In the meantime, life continued on in Riverside as usual with a few additional developments. Riverside opted not to spend some of the $65 million in bonds opting instead to pay off some debt. Was that due to a reality check in terms of exactly how badly it'd been buried in debt or was that due to public scrutiny over the whole legal but highly questionable practice of Riverside purchasing its own debt when a debt swap it tried to broker with Riverside County fell through because the Riverside bonds weren't rated. Riverside County doesn't purchase bonds without ratings so that was where the two sides parted ways.

This all happened even as political officials bemoan the changes in redevelopment agencies even though those in Riverside won't ask for the State Controller's office to audit its own agency let alone the city's finances. With more inter-fund loans as they're called even though most of them are actually inter-agency loans (between the city and a state agency) going on, it's head spinning trying to keep track with any of them. But apparently others have tried to do that in past years while shaking their heads at it.

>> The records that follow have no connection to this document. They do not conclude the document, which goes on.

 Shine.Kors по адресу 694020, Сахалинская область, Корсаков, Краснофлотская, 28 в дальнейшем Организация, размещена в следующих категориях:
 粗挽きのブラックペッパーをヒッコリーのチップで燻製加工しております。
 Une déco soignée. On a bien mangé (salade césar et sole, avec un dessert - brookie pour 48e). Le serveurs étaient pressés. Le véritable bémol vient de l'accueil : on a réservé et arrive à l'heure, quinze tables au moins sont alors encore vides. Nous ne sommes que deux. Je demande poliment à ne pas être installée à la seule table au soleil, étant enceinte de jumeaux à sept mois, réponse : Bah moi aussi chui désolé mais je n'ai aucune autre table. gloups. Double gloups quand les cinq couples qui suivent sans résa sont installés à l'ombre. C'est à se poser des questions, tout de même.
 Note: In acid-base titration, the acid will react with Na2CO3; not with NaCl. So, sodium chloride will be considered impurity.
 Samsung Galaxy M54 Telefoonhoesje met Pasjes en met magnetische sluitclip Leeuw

Then Councilman Paul Davis wasn't appointed as mayor pro tem even though it was numerically his turn to fill the position of filling in for the mayor when he's absent. He also gets to set in on weekly agenda meetings as well as serve as the point person on the city council for the upcoming city manager search. The first councilman in recent history to have to wait six months for a stint that only arises once in a council member's term. He said in the article the following:

(excerpt, Press Enterprise)

"I'm kind of new and I don't want to disrupt the process that's already begun," Davis said.

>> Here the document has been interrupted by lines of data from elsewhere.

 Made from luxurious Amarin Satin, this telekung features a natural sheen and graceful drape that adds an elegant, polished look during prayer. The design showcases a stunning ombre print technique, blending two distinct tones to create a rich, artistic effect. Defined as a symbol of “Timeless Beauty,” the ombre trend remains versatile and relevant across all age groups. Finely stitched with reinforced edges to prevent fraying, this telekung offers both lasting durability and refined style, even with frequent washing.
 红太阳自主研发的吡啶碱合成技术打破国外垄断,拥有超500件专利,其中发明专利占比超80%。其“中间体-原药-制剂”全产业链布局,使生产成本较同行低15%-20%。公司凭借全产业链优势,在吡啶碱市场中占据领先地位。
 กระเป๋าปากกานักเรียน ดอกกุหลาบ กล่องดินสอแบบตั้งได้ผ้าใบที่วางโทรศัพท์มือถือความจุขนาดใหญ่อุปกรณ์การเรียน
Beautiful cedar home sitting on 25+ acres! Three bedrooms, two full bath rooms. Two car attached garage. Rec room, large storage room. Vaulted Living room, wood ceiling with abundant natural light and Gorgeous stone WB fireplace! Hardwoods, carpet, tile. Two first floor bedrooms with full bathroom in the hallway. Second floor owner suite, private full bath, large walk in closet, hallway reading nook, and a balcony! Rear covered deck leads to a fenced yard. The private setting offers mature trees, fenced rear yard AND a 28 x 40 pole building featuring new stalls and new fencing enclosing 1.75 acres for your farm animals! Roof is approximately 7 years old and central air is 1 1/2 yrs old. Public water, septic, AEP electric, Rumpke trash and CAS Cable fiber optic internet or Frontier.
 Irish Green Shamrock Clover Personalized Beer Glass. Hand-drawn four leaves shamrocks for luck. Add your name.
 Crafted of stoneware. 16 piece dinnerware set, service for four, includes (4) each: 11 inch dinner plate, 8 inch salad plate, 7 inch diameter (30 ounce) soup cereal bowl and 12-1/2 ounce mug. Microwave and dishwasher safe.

That might be his position and I did get a more detailed answer from him but this sentence by itself in a media outlet is just weak. He's been a councilman for two years now and he's tackled a tough learning curve enough to know what he's doing and he does know what he's doing as a ward representative and also on city issues. He more than holds himself on the dais and when he asks questions, except for a couple rhetorically based ones here (which usually begin with "will you explain to the...") and there, they're thoughtful and based on information which he's gotten and analyzed. Finally a city council member who actually asks questions rather than nods his head like one of those bobble dolls simply because Hudson's opened his mouth.

He's just as qualified as Councilman Chris MacArthur to be a point person for the city manager recruitment and search process, maybe even more so. That's why all this language about not being experienced enough just doesn't quite make sense. None of these city officials currently on the dais were serving when Hudson was hired so no one but Mayor Ron Loveridge has experience with that process.

But Councilman Andrew Melendrez asked why the usual mayor pro tem process wasn't being followed. Which he's entitled to do if he takes issue with it.


"We haven't done any interviewing (for a city manager) and we haven't done really any selection," Melendrez said. "Generally we give rotations once every six months and I think the rotation needs to be consistent as to what we've done over the years."

One of the commenters in the Press Enterprise had this to say about it.

Davis says it might take him time to get up to speed?? What is he talking about? Where has he been the last two years?

Something doesn't smell right.

No it doesn't but Davis insisted in the article and to me through emails that it's his decision and he's not being passed over. That might indeed be so but no the whole process of appointing the mayor pro tem doesn't smell right and if this is what has happened, then that will be clear with the passage of time as most things will be.

Ex-newsman and president of the Riverside Press Association, Miguel Morales emerges to file an ethics complaint against political candidate John Brandriff. It's scheduled for a hearing by a panel of randomly selected board and commission chairs on July 19. Morales will presumably show up and make his case in some form while staying on topic and Brandriff might show up to launch a counter-argument. But if you've ever wondered what goes on at the ethics code and complaint process, show up.

Hudson pulls a shocker by adding another former Riverside County employee to City Hall's roster this time the new library director.

[Councilman and mayoral candidate Andrew Melendrez questioned the mayor pro tem process and is trying to get an update on the police department's currently MIA Strategic Plan on the agenda at the Public Safety Committee meeting]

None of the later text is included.